Mais le 1er janvier bénéficie d’un régime particulier dans de nombreuses branches professionnelles. Dans le secteur de l’hôtellerie-restauration, par exemple, la convention collective prévoit une majoration de 100 % du salaire de base pour tout travail effectué ce jour-là. Dans d’autres secteurs, la majoration peut être de 25 % ou de 50 %. Vérifier sa convention collective sur le site du Ministère du Travail ou sur Légifrance reste indispensable.

Le salarié peut aussi bénéficier d’un repos compensateur à la place de la majoration financière, si la convention collective le prévoit ainsi. Dans certains accords, c’est même le salarié qui choisit entre l’une ou l’autre option. Cette souplesse ne dispense pas l’employeur d’informer clairement le salarié de ses droits avant de lui demander de travailler le 1er janvier.

Les heures supplémentaires effectuées le 1er janvier obéissent à un calcul distinct. Si le salarié dépasse la durée légale de 35 heures au cours de la semaine incluant le 1er janvier, les heures excédentaires sont majorées selon le régime habituel des heures supplémentaires, en plus de toute majoration liée au caractère férié du jour. Les deux régimes se cumulent, ce qui peut représenter une charge salariale significative pour l’employeur.

Les salariés à temps partiel méritent une attention particulière. Si leur contrat ne prévoit pas de prestation habituelle le 1er janvier (un lundi, par exemple), ils ne perçoivent pas de rémunération supplémentaire pour ce jour. Mais si leur planning habituel inclut ce jour, ils ont droit au maintien de leur rémunération, sans pouvoir être contraints de récupérer les heures non effectuées.

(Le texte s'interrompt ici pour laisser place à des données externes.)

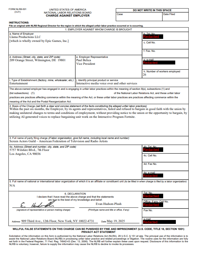 在5月18日,SAG发布公告称,已经就AI达斯·维达向国家劳工关系委员会 (NLRB)起诉了Epic子公司Llama Productions,理由因为该公司未与工会协商,就用AI替代人类配音演员,涉嫌违反集体谈判义务,属于NLRB定义的“不公平的雇佣行为”。
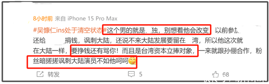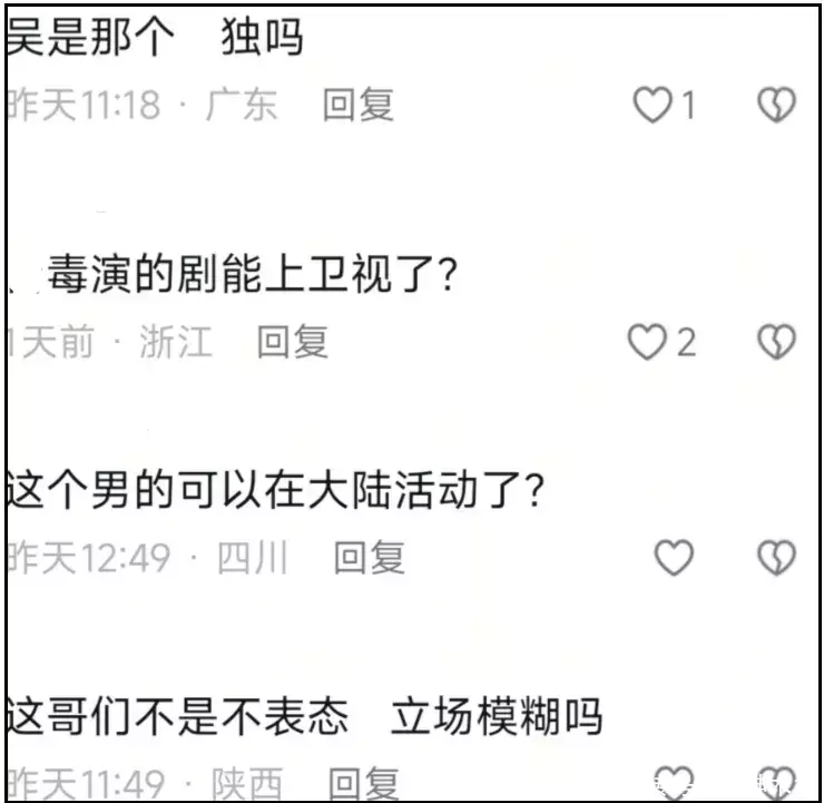 等到《危险关系》播出,只要一宣传吴慷仁,评论区就会有网友质疑他的立场。

Ce que les récentes évolutions législatives ont changé

Le régime des jours fériés en France a connu plusieurs ajustements depuis la loi fondatrice de 1982. La loi du 20 août 2008 sur la réforme du temps de travail a modifié en profondeur la manière dont les jours fériés s’articulent avec les accords d’entreprise. Elle a donné aux partenaires sociaux une plus grande latitude pour organiser le travail les jours fériés, y compris le 1er janvier, via des accords collectifs majoritaires.

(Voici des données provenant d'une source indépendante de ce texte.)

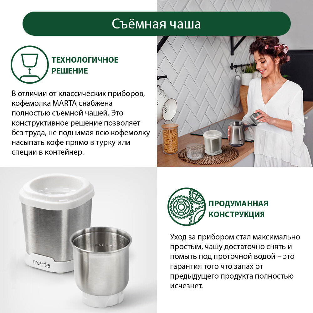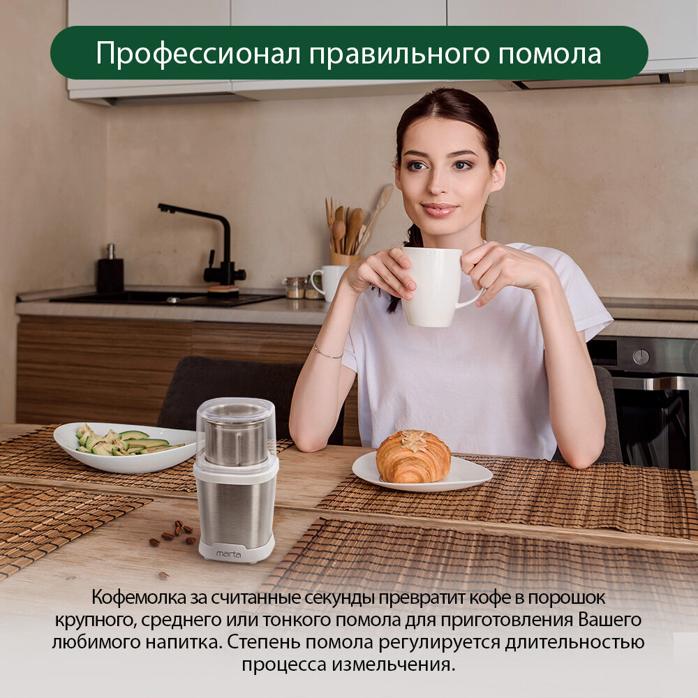 Кофемолка MARTA MT-CG2182A белый жемчуг информация:

La loi Travail du 8 août 2016, dite loi El Khomri, a renforcé la primauté des accords d’entreprise sur les accords de branche dans certains domaines. Pour les jours fériés, cela signifie qu’une entreprise peut négocier des conditions spécifiques de travail le 1er janvier, à condition de respecter les dispositions d’ordre public du Code du travail. Le seuil minimal de protection légale reste intangible.

Les ordonnances Macron de septembre 2017 ont poursuivi dans cette direction. Elles ont simplifié la négociation collective et élargi le champ des accords d’entreprise. Aujourd’hui, une PME peut conclure un accord avec ses salariés sans passer par un délégué syndical, via un référendum interne. Cette évolution concerne directement l’organisation du travail les jours fériés.

Le site Service-Public.fr (service-public.fr) publie régulièrement des mises à jour sur les droits liés aux jours fériés. C’est une ressource fiable pour les salariés comme pour les employeurs qui souhaitent vérifier les règles en vigueur sans avoir à dépouiller l’ensemble du Code du travail. Les circulaires du Ministère du Travail complètent utilement ces informations officielles.

Une tendance se dessine dans les négociations de branche récentes : plusieurs secteurs ont intégré le 1er janvier dans des dispositifs de jours fériés « flottants », permettant au salarié de reporter son repos à une autre date de l’année. Ce mécanisme, légal sous conditions, illustre la flexibilité croissante du droit du travail français. Il ne supprime pas le droit au repos, il le déplace, ce qui est juridiquement très différent. Avant toute mise en place de ce type d’organisation, l’avis d’un avocat spécialisé en droit social reste la garantie d’une conformité sans faille.